Chure, D.J., Britt, B. & Greenhalgh, B. (2006) A new Titanosauriform sauropod with abundant skullmaterial from the Cedar Mountain formation, Dinosaur National Monument. JVP 26(3) Abstracts pp.50

The study of sauropods is hampered by a dearth of skulls. Most skulls pertain to Middle and Late Jurassic taxa and the Cretaceous skull record is extremely limited. Here, we here report a new titanosauriform represent by multiple skulls. The specimens were recovered from a fluvial sandstone posited in the middle of the Cedar Mountain Fm., 32 m above the contact with the underlying Morrison Formation. Cranial materials include 1) a spectacularly complete 3-D skull, 2) a nearly complete disarticulated skull, 3) the front one-third of an articulated skull, and 4) a braincase. The skulls were found with associated postcranial elements.

This taxon is the best known Cretaceous sauropod for cranial material & has one of the best skull records for the group. Salient skull characters include an incomplete internarial bar, retracted and confluent external nares, narial fossa absent, quadrate vertical, basipterygoid processes short, dentary with external mandibular fenestra and retroarticular process, unexpanded tooth crowns, tooth to tooth wear, and low tooth count (4 pmx, 10 max, 13 dent). The cervical centra are long, camellate, and bear elongate ribs spanning three centra. Dorsal rib heads have large pneumatic foramina. The humerus is long and gracile. Preliminary phylogenetic analysis places this sauropod as a basal titanosauriform.

The skull, however, differs markedly from those of basal macronarians (Camarasaurus, Brachiosaurus, and Euhhelopus) in 1) lacking a large arching internarial bar, 2) having
small, confluent external nares, and 3) lacking a narial fossa.
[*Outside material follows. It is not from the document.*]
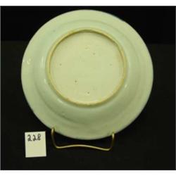 Chinese Export deep plate.  Canton blue & white with bluish tinge.  8-3/4" in diameter.  Condition:  Glaze "burn" and 1" hairline (only visible from underneath).  No chips or flakes.
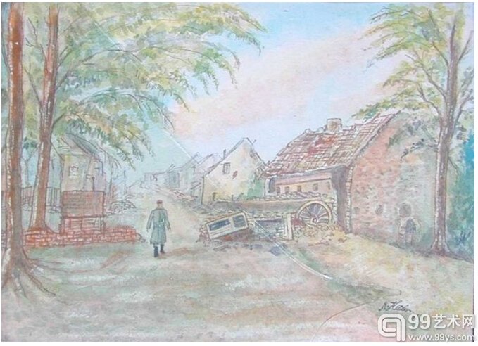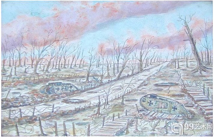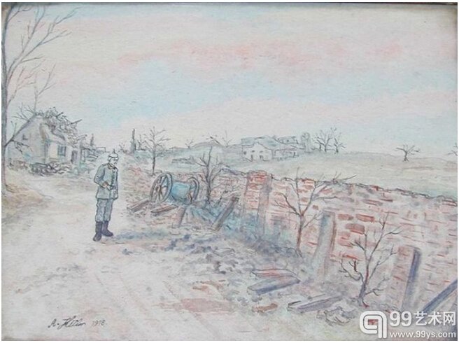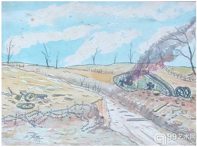 這些藝術(shù)作品為我們洞察這位現(xiàn)代歷史上邪惡和獨(dú)裁的人提供了一個(gè)怪異的窗口,在他的彩色風(fēng)景畫作中,來自一戰(zhàn)的德國(guó)坦克亂扔在貧瘠的土地上,仍然冒著煙燃燒著。這是否是一種自我懷疑的線索呢,還是提醒避免過去的“錯(cuò)誤”,預(yù)示要將德國(guó)變成一個(gè)雄心壯志、踏平異己和絕不妥協(xié)的超級(jí)大國(guó)呢?

In these features it more closely resembles the skull in diplodcoids and the titanosaurs Rapetosaurus, Nemegtosaurus, and Quaesitosaurus. This suggests that the skull morphology of the basal macronarians is derived and the similarity between diplodocoids and Titanosauriforms did not evolve in parallel but instead represents the general skull architecture for the Neosauropoda.